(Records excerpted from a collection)
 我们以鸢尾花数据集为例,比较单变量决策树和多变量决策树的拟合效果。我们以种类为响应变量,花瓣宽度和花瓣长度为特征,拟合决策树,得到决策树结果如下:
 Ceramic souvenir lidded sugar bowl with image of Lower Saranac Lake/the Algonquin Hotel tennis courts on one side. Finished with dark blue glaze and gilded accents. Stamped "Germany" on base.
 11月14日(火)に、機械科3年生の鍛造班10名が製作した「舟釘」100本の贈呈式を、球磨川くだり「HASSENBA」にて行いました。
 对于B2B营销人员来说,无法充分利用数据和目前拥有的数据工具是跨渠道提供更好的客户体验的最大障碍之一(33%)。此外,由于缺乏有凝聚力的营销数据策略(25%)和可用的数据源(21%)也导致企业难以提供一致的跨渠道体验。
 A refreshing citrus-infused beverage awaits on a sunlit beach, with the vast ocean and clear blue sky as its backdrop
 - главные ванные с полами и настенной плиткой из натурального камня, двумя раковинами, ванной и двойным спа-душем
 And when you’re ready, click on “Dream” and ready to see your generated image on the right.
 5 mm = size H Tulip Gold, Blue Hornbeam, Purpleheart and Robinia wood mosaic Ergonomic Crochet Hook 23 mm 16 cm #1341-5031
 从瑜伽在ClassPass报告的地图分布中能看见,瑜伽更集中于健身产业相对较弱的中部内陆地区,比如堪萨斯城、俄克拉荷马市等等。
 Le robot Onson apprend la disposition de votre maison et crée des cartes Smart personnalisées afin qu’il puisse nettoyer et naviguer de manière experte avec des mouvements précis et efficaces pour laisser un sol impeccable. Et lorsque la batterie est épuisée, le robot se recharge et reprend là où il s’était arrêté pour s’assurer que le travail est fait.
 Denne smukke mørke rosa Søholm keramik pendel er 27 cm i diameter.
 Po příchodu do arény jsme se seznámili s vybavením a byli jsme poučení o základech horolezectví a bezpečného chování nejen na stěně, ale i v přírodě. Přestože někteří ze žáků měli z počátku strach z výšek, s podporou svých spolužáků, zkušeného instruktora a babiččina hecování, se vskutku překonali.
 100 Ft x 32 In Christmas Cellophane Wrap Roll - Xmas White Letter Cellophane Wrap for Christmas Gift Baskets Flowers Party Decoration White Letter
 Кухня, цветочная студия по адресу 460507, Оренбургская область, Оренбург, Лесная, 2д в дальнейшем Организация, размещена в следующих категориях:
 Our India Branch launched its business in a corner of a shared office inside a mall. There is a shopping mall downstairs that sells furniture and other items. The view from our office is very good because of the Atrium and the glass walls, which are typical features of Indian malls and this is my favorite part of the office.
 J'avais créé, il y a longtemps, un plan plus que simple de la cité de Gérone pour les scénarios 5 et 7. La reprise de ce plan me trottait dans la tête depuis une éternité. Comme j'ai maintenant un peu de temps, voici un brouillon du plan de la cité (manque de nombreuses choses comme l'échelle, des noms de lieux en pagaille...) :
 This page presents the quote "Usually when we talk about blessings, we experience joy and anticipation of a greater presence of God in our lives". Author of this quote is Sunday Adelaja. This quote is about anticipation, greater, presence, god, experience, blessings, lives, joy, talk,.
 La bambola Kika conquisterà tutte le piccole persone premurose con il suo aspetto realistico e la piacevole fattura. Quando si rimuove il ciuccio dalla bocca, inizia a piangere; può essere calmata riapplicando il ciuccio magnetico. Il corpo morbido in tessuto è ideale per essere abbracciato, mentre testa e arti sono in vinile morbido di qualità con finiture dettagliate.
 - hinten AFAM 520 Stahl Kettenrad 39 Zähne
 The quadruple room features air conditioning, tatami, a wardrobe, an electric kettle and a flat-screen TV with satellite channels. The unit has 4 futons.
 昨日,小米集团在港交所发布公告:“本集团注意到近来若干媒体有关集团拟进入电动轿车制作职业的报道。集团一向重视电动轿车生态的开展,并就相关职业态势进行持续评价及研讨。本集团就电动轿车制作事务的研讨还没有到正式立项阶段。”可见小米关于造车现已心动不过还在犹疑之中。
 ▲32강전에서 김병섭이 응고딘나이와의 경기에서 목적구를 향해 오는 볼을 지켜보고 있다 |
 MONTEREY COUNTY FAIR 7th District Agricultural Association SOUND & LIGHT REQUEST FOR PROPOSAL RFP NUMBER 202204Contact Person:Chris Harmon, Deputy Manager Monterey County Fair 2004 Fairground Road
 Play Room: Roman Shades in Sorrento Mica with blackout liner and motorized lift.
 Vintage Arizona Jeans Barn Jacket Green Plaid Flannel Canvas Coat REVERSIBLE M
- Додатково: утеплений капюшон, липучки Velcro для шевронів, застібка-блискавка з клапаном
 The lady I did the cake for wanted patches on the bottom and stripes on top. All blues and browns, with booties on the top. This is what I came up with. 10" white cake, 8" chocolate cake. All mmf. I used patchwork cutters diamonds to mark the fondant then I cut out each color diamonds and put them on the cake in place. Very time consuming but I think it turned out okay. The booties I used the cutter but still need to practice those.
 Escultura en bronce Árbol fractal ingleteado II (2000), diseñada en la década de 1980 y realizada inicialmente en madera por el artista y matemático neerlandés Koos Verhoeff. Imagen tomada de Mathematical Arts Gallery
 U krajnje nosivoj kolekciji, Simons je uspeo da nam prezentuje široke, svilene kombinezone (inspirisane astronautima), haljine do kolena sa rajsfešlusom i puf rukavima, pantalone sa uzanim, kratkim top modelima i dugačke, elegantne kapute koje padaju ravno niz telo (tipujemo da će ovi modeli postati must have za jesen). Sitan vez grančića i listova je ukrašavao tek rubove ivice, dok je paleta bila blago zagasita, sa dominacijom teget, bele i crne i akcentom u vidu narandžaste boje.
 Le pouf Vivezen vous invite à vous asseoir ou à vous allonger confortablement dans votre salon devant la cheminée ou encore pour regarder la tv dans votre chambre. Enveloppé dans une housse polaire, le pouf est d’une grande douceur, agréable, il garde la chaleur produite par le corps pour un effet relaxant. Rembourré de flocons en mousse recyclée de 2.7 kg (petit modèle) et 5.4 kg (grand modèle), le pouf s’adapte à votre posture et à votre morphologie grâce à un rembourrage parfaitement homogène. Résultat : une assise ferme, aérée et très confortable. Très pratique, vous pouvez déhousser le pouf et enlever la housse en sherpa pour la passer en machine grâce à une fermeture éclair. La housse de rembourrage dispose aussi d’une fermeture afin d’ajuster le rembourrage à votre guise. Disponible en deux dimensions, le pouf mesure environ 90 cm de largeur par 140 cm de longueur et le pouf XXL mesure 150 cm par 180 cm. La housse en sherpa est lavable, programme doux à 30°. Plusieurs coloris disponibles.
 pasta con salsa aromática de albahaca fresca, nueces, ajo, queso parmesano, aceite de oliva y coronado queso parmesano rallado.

■ **TASK TO CARRY OUT**: Write out, from the lines above, only those from the line with "Кухня, цветочная студия" to the line with "Our India Branch", exactly as given, including the first and the last.

■ **ANSWER TO THIS TASK**:
 Кухня, цветочная студия по адресу 460507, Оренбургская область, Оренбург, Лесная, 2д в дальнейшем Организация, размещена в следующих категориях:
 Our India Branch launched its business in a corner of a shared office inside a mall. There is a shopping mall downstairs that sells furniture and other items. The view from our office is very good because of the Atrium and the glass walls, which are typical features of Indian malls and this is my favorite part of the office.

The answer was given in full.